RECORDS FOR THIS TASK:

....

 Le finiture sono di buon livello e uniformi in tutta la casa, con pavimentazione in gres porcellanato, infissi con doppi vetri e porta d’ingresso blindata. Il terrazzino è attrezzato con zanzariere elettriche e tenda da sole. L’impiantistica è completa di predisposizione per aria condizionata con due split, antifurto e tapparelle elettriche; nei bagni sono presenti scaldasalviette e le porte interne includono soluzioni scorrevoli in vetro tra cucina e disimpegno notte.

....

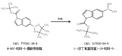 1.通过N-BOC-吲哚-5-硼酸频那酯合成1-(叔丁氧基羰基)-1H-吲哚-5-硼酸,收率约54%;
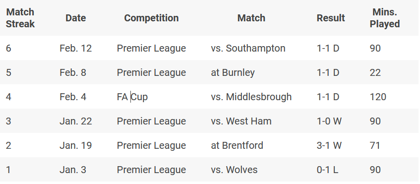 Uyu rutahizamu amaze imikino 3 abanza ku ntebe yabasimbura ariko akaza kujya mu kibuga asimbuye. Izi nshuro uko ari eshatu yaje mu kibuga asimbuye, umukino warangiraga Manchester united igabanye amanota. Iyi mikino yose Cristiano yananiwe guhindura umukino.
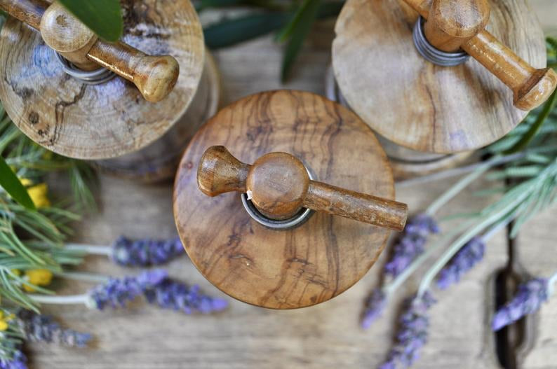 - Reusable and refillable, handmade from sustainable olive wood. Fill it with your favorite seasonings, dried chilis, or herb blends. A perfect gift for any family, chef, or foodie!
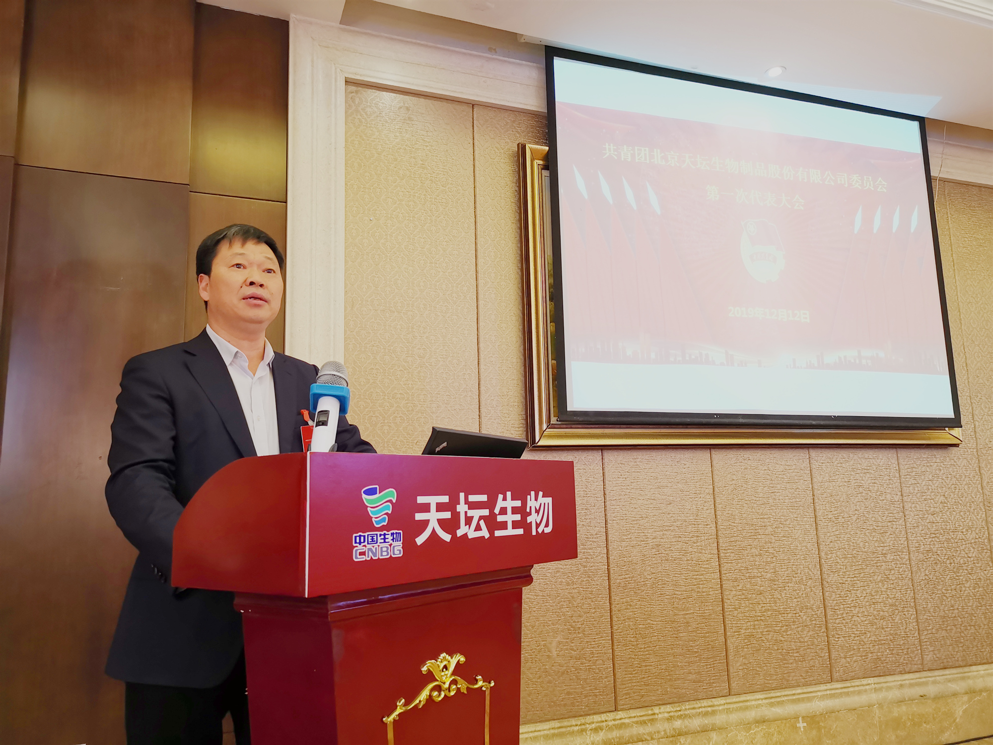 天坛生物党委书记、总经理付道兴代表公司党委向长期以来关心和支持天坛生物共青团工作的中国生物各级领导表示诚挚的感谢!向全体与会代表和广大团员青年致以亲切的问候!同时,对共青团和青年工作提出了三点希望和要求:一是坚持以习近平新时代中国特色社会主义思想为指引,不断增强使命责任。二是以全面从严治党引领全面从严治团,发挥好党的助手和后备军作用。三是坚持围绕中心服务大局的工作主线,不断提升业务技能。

....

EXERCISE: Every line above from the one with "1.通过N-BOC-吲哚-5" down to the one with "天坛生物党委书记、总经理付道" must be written out exactly, and no picture may appear.

WORKED SOLUTION:
 1.通过N-BOC-吲哚-5-硼酸频那酯合成1-(叔丁氧基羰基)-1H-吲哚-5-硼酸,收率约54%;
 Uyu rutahizamu amaze imikino 3 abanza ku ntebe yabasimbura ariko akaza kujya mu kibuga asimbuye. Izi nshuro uko ari eshatu yaje mu kibuga asimbuye, umukino warangiraga Manchester united igabanye amanota. Iyi mikino yose Cristiano yananiwe guhindura umukino.
 - Reusable and refillable, handmade from sustainable olive wood. Fill it with your favorite seasonings, dried chilis, or herb blends. A perfect gift for any family, chef, or foodie!
 天坛生物党委书记、总经理付道兴代表公司党委向长期以来关心和支持天坛生物共青团工作的中国生物各级领导表示诚挚的感谢!向全体与会代表和广大团员青年致以亲切的问候!同时,对共青团和青年工作提出了三点希望和要求:一是坚持以习近平新时代中国特色社会主义思想为指引,不断增强使命责任。二是以全面从严治党引领全面从严治团,发挥好党的助手和后备军作用。三是坚持围绕中心服务大局的工作主线,不断提升业务技能。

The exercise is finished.